The sale starts early

Traditionally, Boxing Day is marked by a single day of frenzied, crowded chaos in most of the country's malls (though in many places Boxing Day sales now last a week or longer). But thanks to online shopping, many stores have begun releasing their sale prices early. Retailers such as Future Shop, Wal-Mart and Canadian Tire have already made their Boxing Week sale flyers public, and web sites such as RedFlagDeals.com have collected many of those flyers on their forums. As such, customers can decide what they want to buy ahead of time, and in many cases can actually purchase those items as early as today, skipping the in-store lineup altogether.

More than electronics

Like its cousin Cyber Monday, the Digital version of Boxing day is commonly associated with discounts on electronics.

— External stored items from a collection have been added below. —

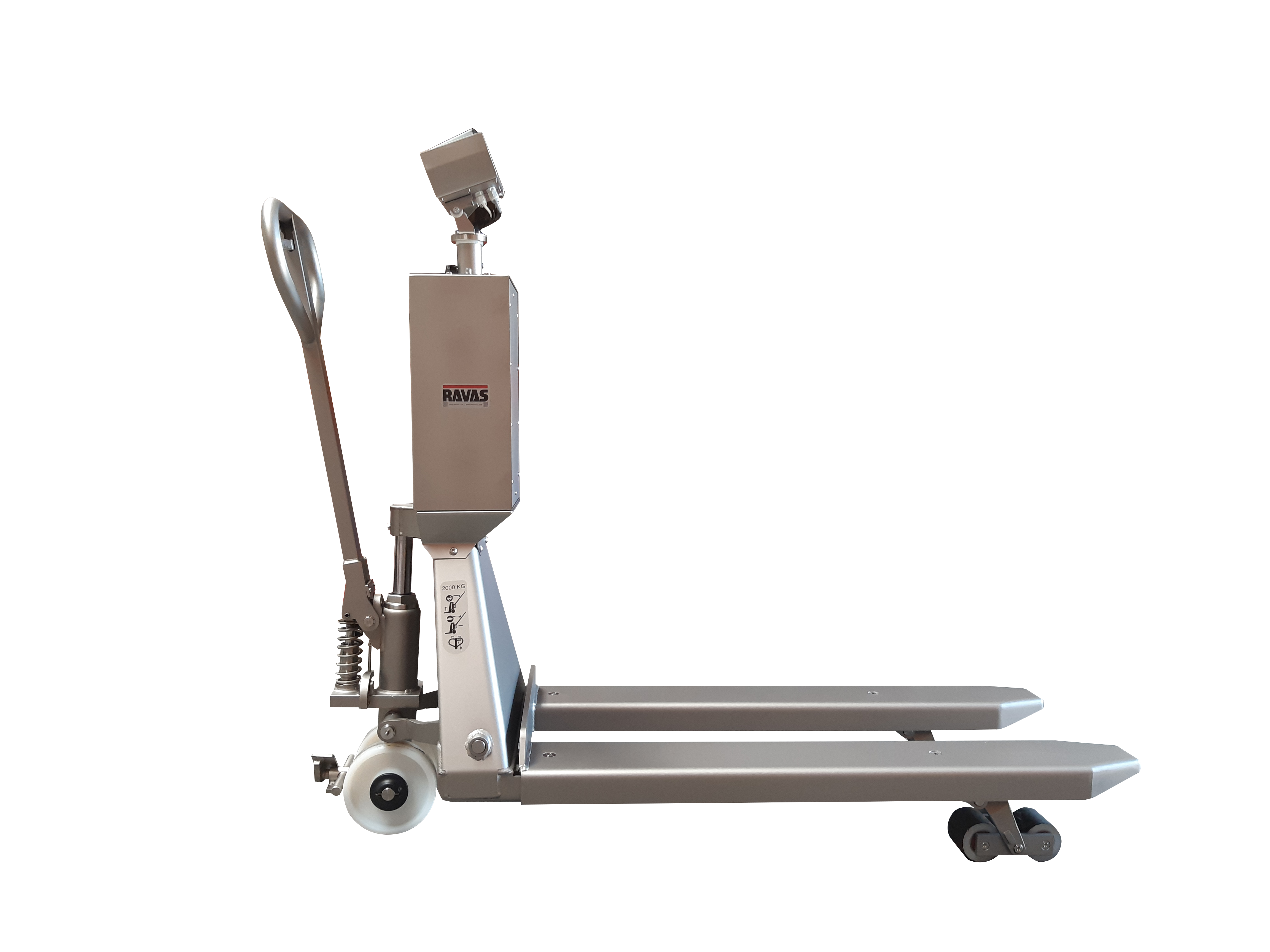 The RAVAS ProLine 5200 INOX has been developed for sectors where hygiene, accuracy and reliability are essential. Thanks to its robust stainless steel construction and powerful lithium battery, this weighing pallet truck performs effortlessly in environments with strict cleaning requirements or intensive daily use.
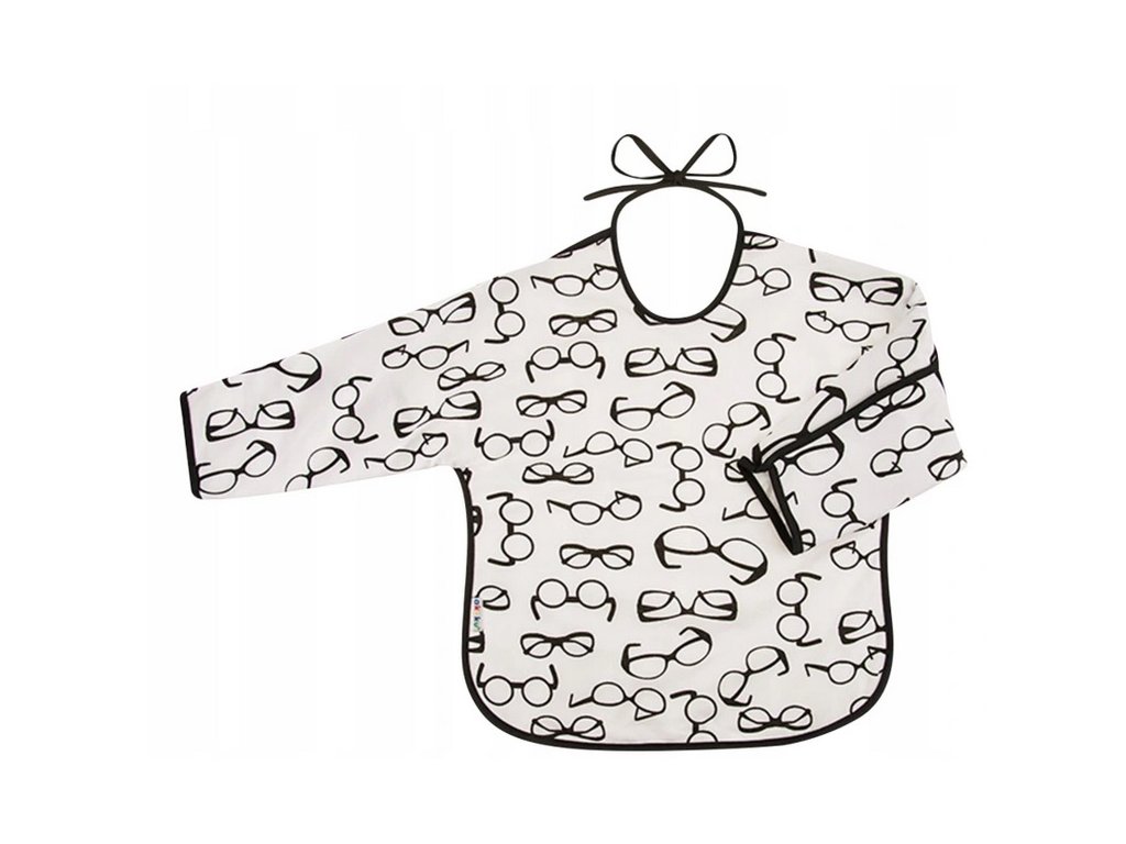 Zástěrka, bryndák nepromakavý s dlouhým rukávem Brýle - bílý
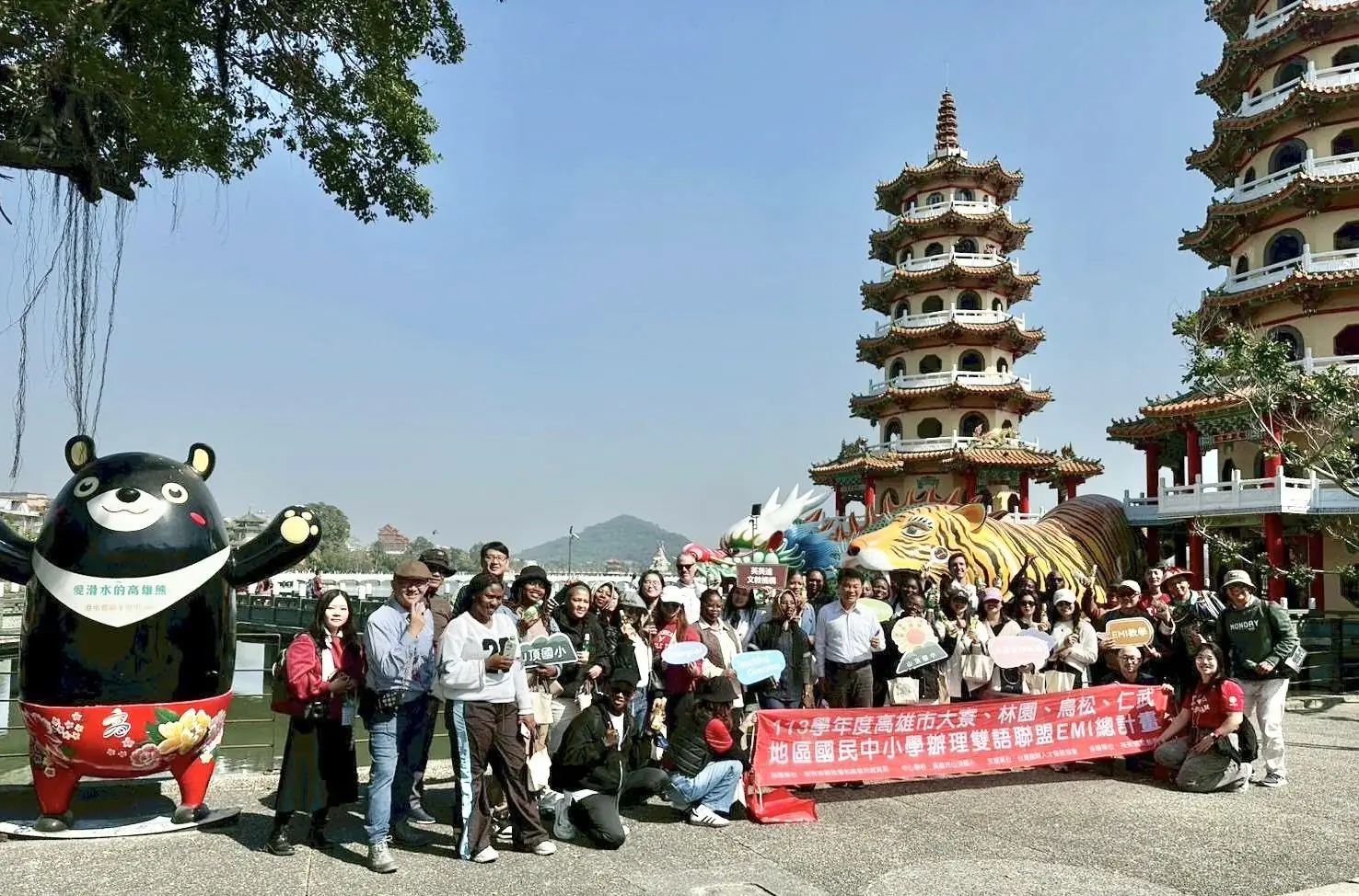 活動以左營「見城之道」為起點,外師依序走訪小龜山環潭步道、龍虎塔、慈濟宮與北門等文化地標,透過在地文史工作者導覽,從歷史、宗教與城市發展角度,認識高雄舊城的文化脈絡。外師們沿途拍照、提問,記錄可運用於教學的情境素材。
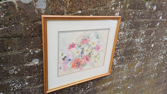 20% OFF AT CHECKOUTRegular price £95.00 GBPRegular priceUnit price / perSale price £95.00 GBP20% OFF AT CHECKOUTOriginal vintage watercolour, water colour of Flowers by Janis Roddick - daisies, poppies, cosmos, framed in gilt glazed vintage frame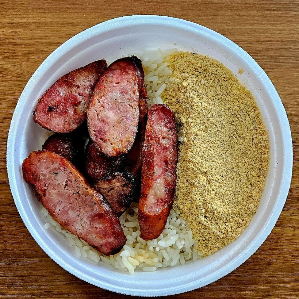 Linguiça de Churrasco Toscana Acompanha arroz, feijão carioca, linguiça toscana e farofa temperada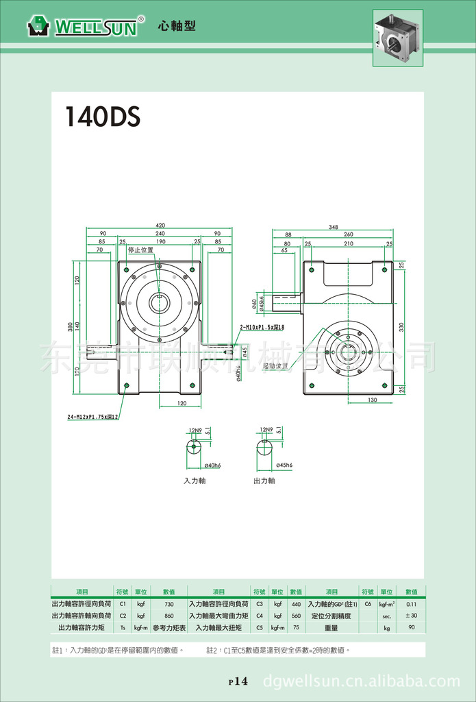 WELLSUN/威尔顺平台型分割器(80DT,110DT,140DT,180DT,210DT,250DT,350DT,438DT)1,具有固定中空轴特性,最适合自动化组立运用。2,可承载较大直径的盘面,适用较大负荷之回转台式圆盘驱动场合。3、只适合水平安装,无法垂直及倒立安装,此系列机种之尺寸设计特性与凸緣型弁酮萓A于驱动运转上可承受超大轴向负载及垂直径向压力,在输出端有一凸起固定盘面及大孔径空心轴,可搭配设置动态、静态自动化周边设备,可将动力源之电、油、气管路置于空心孔內,此系列机种广泛应用于重负载、直接自动化设备之各类机构及产业机械,作同步自动化間歇驱动。

Indeed, some of the most popular purchases on Boxing Day include video game bundles like Microsoft's Xbox and its assorted games and peripherals, as well as high-definition TVs. That's no longer the case, as all kinds of retailers have hopped on the online bandwagon. Furniture giant Leons launches its Boxing Day sale on its web site Monday, and clothing retailer Roots follows on Christmas day. In addition, online retailers such as Amazon are launching Boxing Day deals on some of the countless products available on the web site, from books to watches.

Crowdsourced savings

Perhaps the best way to find deals this Boxing Day is to consult the online hive mind. Many web sites have sprung up in recent years catering exclusively to bargain hunters, and some of those sites are now effectively a bulletin board for deals. In addition to Red Flag Deals, which runs a massive bargain hunting forum, sites such as SmartCanucks.ca and BargainMoose.ca have proven a gold mine for Canadian shoppers.